Я помог ей спуститься: пока слезали по лестнице, она запыхалась. Прижала листок к груди, вдохнула рыбьим ртом:
- Опять бабка ругаться будет…
Я заметил, что ногти у нее накрашены черным лаком. «Я похожей становлюсь на ворона…» Да, вполне в стиле. Пройдя по темному, вонючему коридору, мы выпрыгнули из окна второго этажа прямо на утрамбованную кучу строительного мусора, и разошлись в разные стороны. Я – вслед уплывающей туче, она – в сторону жидкого света, сочившегося на мокрую дорогу сквозь прорехи в облаках.

* * * * *

Через год с небольшим я снова оказался там. Нет, про свое обещание я забыл начисто. Просто отвозил мать: она ехала повидаться с подругой – к той на дачу. Мы протряслись на машине по поселку; меж домов мелькнул угрюмый бок школы. Именно тогда я и вспомнил про Василину. Ну, что ж… Скорее всего, она точно так же забыла тот эпизод.
На даче маминой подруги под бесконечные «А Машка… А Люська… А помнишь?..» я очень быстро заскучал. Вышел, покурил на крыльце. День был ясный; октябрь топил в расплавленном золоте деревянные дома. На соседнем участке жгли палые листья: еще сырые, они горели плохо, дым полз по земле. Две женщины копошились рядом, одна из них, полная, суетилась, забегала то с одной, то с другой стороны, тыкала граблями в дымящуюся кучу. Вторая, сухая, вся в черном, сгибалась с трудом – словно переламывалась в талии. Работала еле-еле, время от времени поправляя черную косынку на голове. В этой второй было что-то от Василины.
На доме висела старая, дугой, вывеска: «ул. Лосиная». Под ней, в круге, номер: 78. Я не был уверен, что Василина называла именно это сочетание. Но, докурив, почему-то вдруг спустился с крыльца, подошел к забору и окликнул:
- Эй! Простите, Василина здесь живет?
Обе женщины разом выпрямились и взглянули на меня. Та, в черном, оказалась совершенной старухой. Она прищурилась, долго смотрела на меня, поставив зачем-то ладонь козырьком, потом тихо сказала:
- А нет больше Василины… Померла она…
- Когда?..
- По весне… На Николу вешнего Богу душу-то и отдала…

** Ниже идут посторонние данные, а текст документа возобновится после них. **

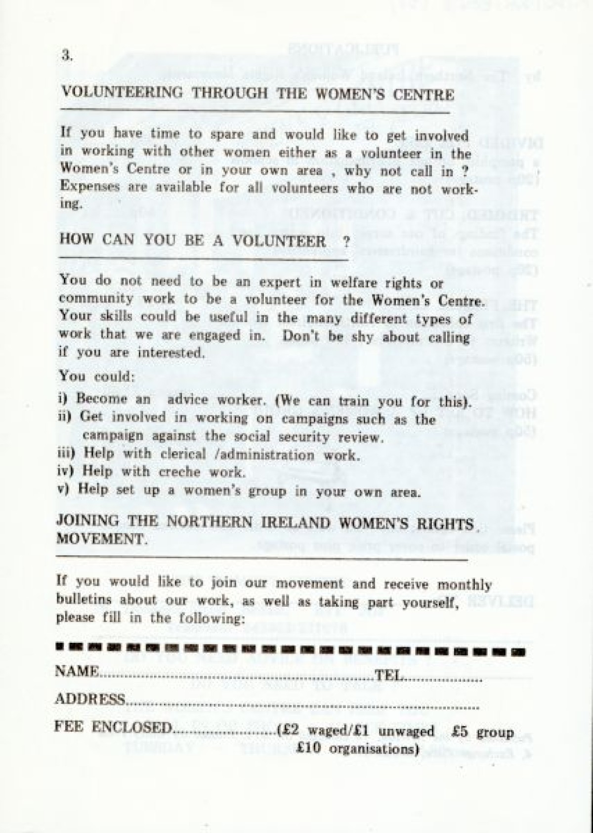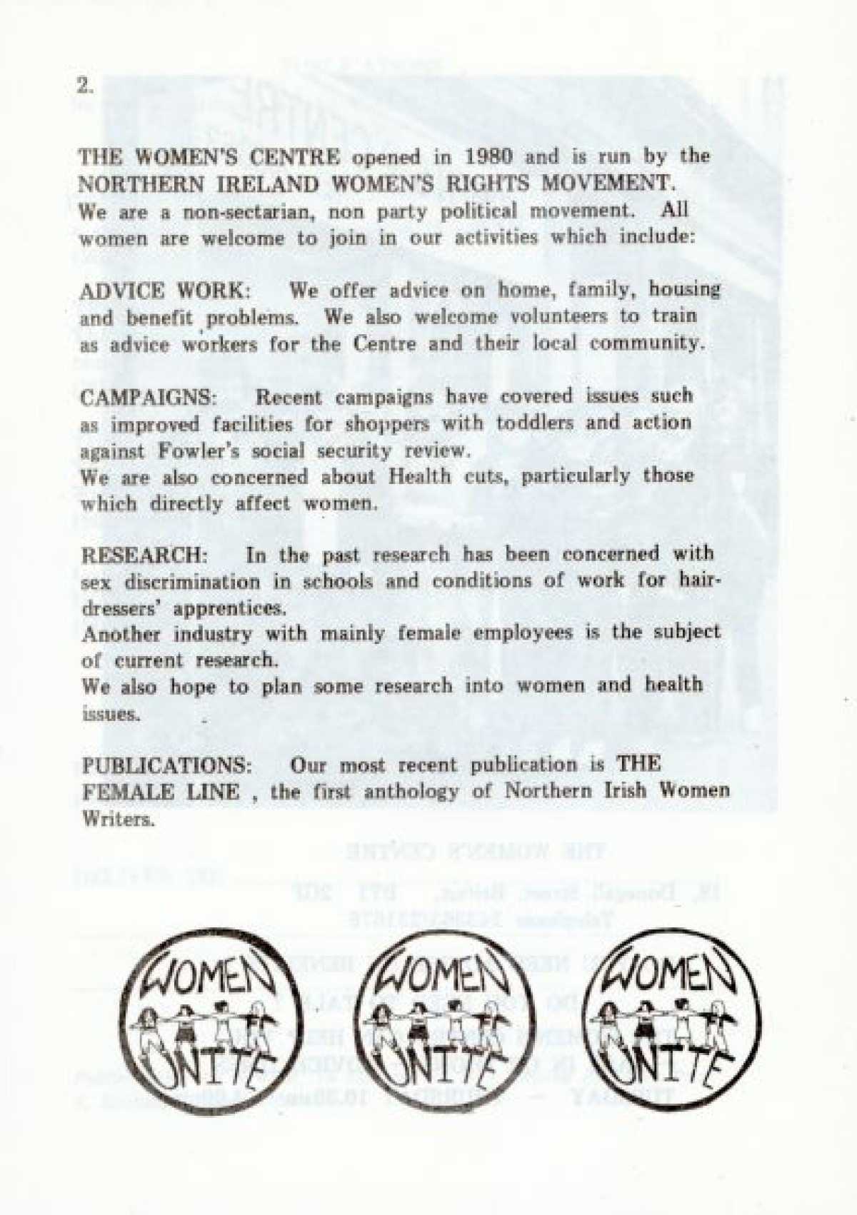 Northern Ireland Women's Rights Movement including 'The Female Line', the first anthology of Northern Irish women writers. The publication also calls on volunteer participation to support the NIWRM.

Я не знал, что говорят в таких случаях.
- От чего?.. Заболела?
- Так она ж… Порок сердца… Вот и померла… - Старуха часто заморгала, вздохнула и расплакалась, отирая слезы то рукой, то краем черного платка. Платок сполз, обнажил совершенно седые волосы. – Дочь схоронила, зятя, мужа… Теперь вот внучку… А больше никого и нет… И не осталось от них ничего… Только стихи от Василины… Она стихи писала… Даже читала их кому-то… Да я не запомнила, кому… Встретиться хотела… А оно вон как вышло…
Я покивал молча, постоял; потом медленно прошел к калитке. Сунул руки в карманы куртки, зашагал вдоль покосившихся заборов, потемневших от времени дач. Где-то залаяла собака. Дойдя до поворота, я оглянулся. Дым от горящих листьев перестал стелиться по земле: ровной ниткой спокойно поднимался вверх - и растворялся, не долетев до синего, твердого, как стекло, октябрьского неба.